The sound of the human voice is one of mankind's most primitive attachments to those other social animals David Brooks tells us about. Supposedly Johnny hears his mother's voice in the third trimester when swimming around in the amniotic fluid. And that bond is hard to break, even if the mother is a monster.
The phone, an intimate medium, tips off lots about the speaker. For that reason in itself, those who want to "read" another person will use the phone, if being there in-person isn't possible. Telemarketing trumps most other selling tactics. And, there's increased demand coming into my office for scripts for podcasts. Clients are migrating to Talk Shoe whose simplest level of service is free.
The difference in phone use is that talk in business has just been tamed, at least for a while. In real life, the chatterboxes never downsized the word count. Just ride mass transit that isn't going to, around, or from Manhattan.
Given the shift in commerce, employers and prospects for assignments don't interview us by phone on the first pass, as had been traditional. Before the call, there are forms to fill out, tests to take, beauty contests to parade in [as with submitting five killer ideas for positioning a new healthy snack], and more questions to answer. If we make it through all that, then we hear the voice of Zeus from on-high. With telecommuting going mainstream, that could be it, even for full-time jobs and major assignments.

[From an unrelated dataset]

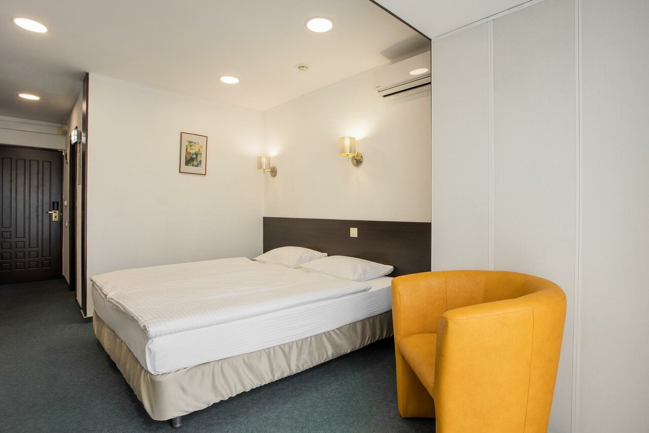 Завтраки на отеля 3 звезды, голодным не будешь, но без разнообразия. Расположение также соответственно звездам отеля — не очень близко к центру, но рядом Верхнее озеро, можно гулять.В номере не хватает розеток, а имеющиеся не удачно расположены, чайник приходится кипятить на полу, телефоны заряжать поочереди.Холодильник в номере-всего лишь шкафчик, не холодит вообще, уровня регулирования холода просто нет.Ресепшин и персогал приветливый.К уборке претензий нет, но кровати не застилают.В целом-обычная трешка.
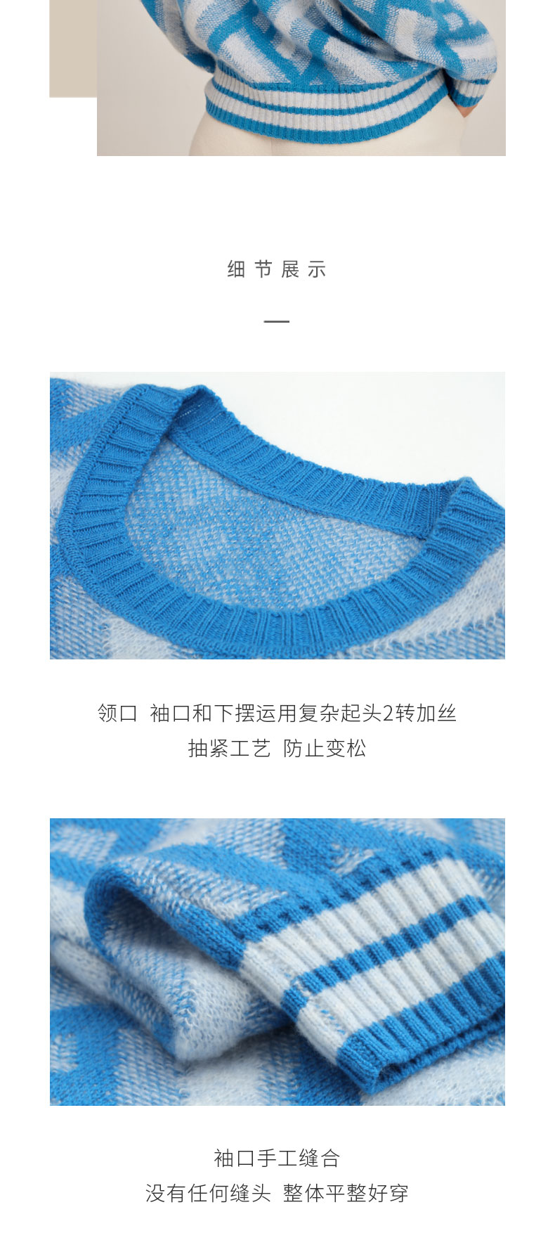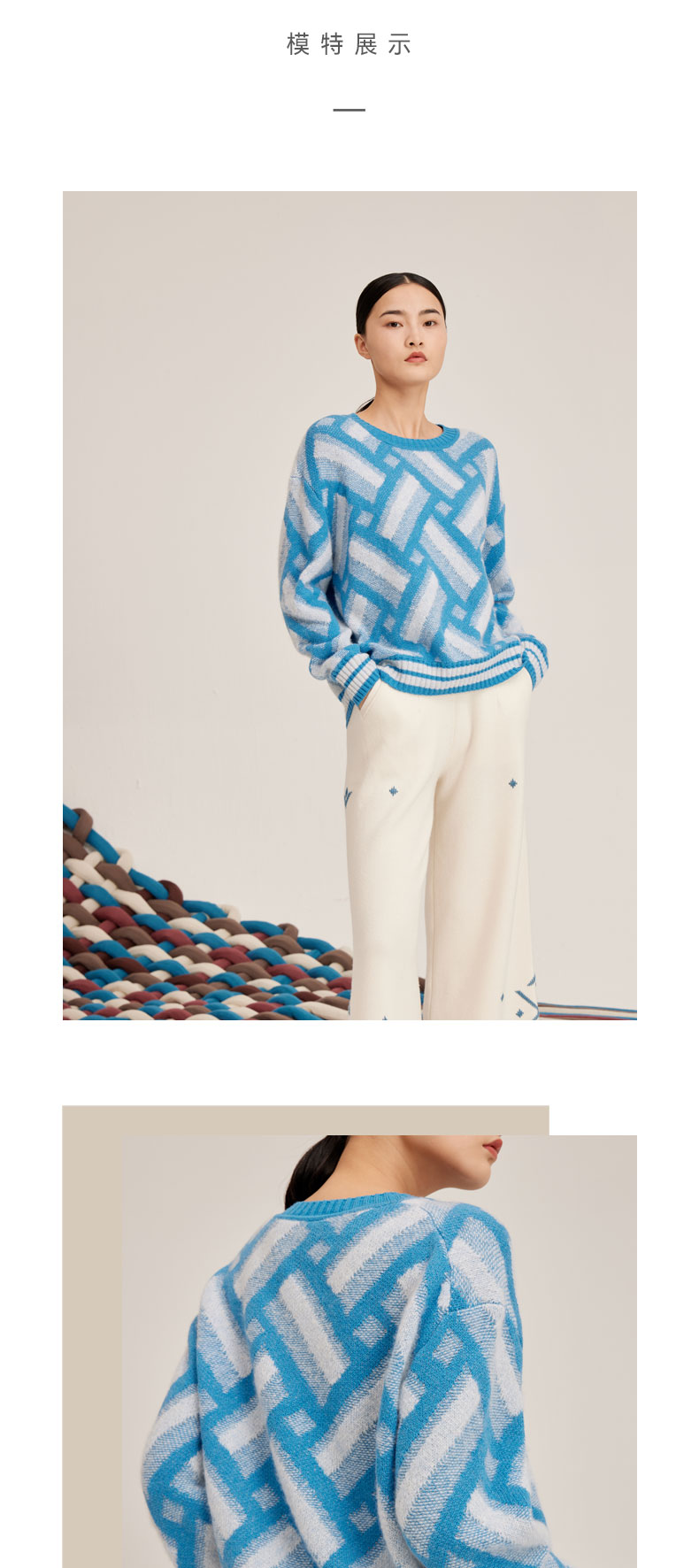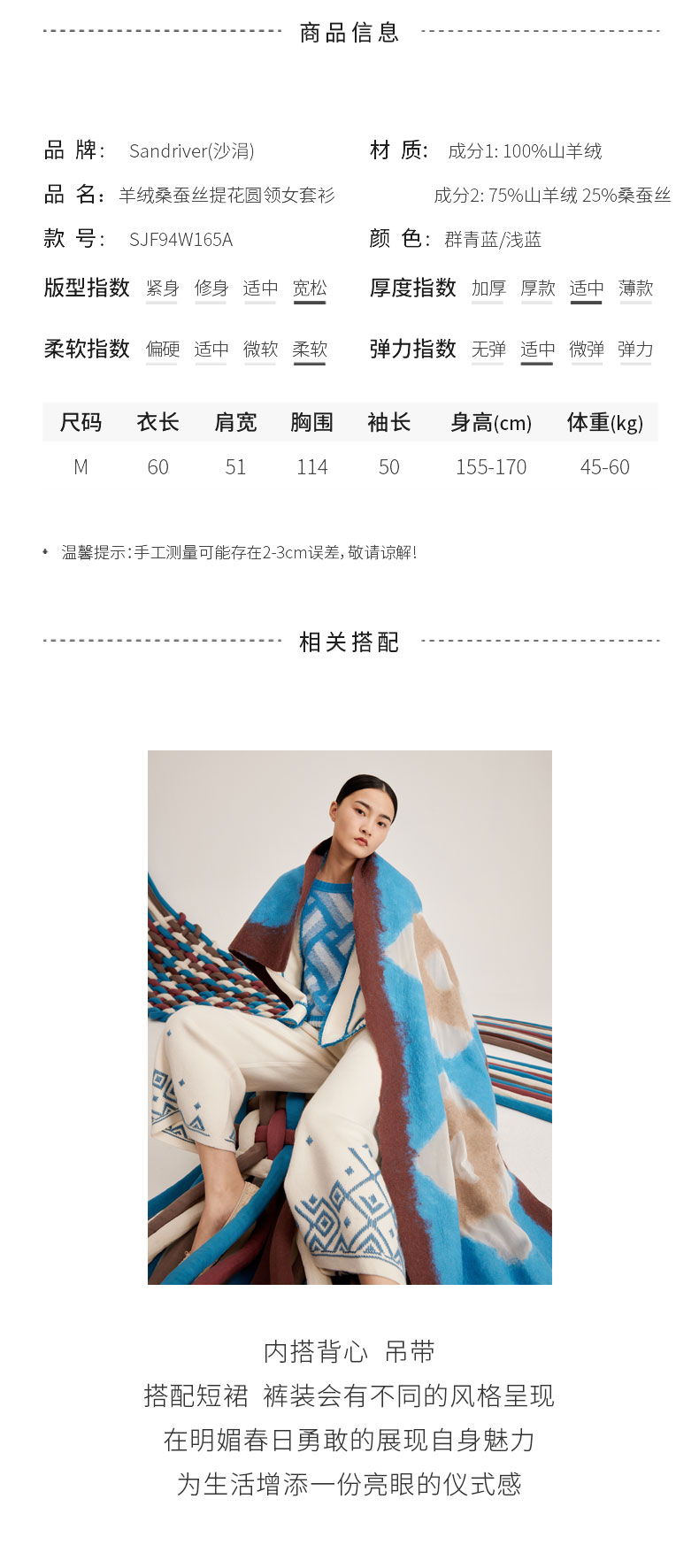 羊绒桑蚕丝提花圆领女套衫SJF94W165A

In the normal course of business, those calls come soon enough if there is a problem, even a small one. The stress of the downturn has taught employers and clients to parachute into course correction quickly. In addition, the phone rings if opportunity is spotted.
Skype, cell, and i-everything are usually the way to go. All give the caller immediate access, 24/7 to us worker bees. There are those who practice great civility about respecting the time zone we are in. But they are becoming fewer. The recovery has broken open pent-up demand and the folks in Germany and China want to get on with it. Of course, we make a decision which calls we will take. Given the recovery, I am taking fewer after midnight New York time.
Incidentally, I learned to do that, like most things, through getting used and abused. A troubled executive in telecommunications in Europe would Skype me around 1 A.M. New York time and rail about national barriers to entry. Like a Henry James innocent I did do one proposal. Only one.